The increase is part of a budget bill passed by the state legislature and signed by Gov. DeWine on July 24. DeWine had campaigned on increasing funding to help children in foster care.

Porter estimates the agency will get around $200,000 from the state.

“So, we will be able to pay our foster care bills and do some upkeep on our building that has been lagging behind for so long,” Porter said.

The Lawrence County Department of Jobs and Family Services has an average of more than 60 kids in foster care every day and for a longer time than a decade ago.

Often, they are in residential care instead of a foster care home and that costs the county more money.

Most of the children are in foster homes and the county pays between $25-$55 a day for that. Kids with mental, physical or behavioral issues end up in long-term care at a residential center, and that can cost up to $250 a day per child.

In 2017, Lawrence County was paying $4,000 a day for foster care services.

So an increase in state funding will be a big help for the agency.

“This government coming in and doing what they did, it is like Christmas time to us,” Porter said.

Porter isn’t the only Department of Jobs and Family Services director happy with the increase.

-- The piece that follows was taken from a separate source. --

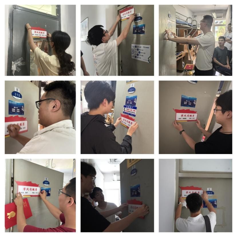 会后,“学风引航员”走进对接帮扶的宿舍,开展挂牌活动。党员们将印有自己姓名和年级的“学风引航员”标牌张贴在宿舍门口,并与宿舍成员进行了深入交流。

Angela Sausser, executive director of Public Children Services Association of Ohio, called it “a welcome relief” to every county in state.

“For too long, children services agencies have struggled with more children coming into foster care, staying longer, and requiring more treatment and services, pushing our system to the brink,” she said. “Now is a time to rebuild. Rebuild our workforce, rebuild our capacity and begin to rebuild families devastated by the opioid epidemic. To the Governor and the legislators who stood up as champions for abused and neglected children, we encourage you to continue partnering with us on the road to mending our fragmented system.”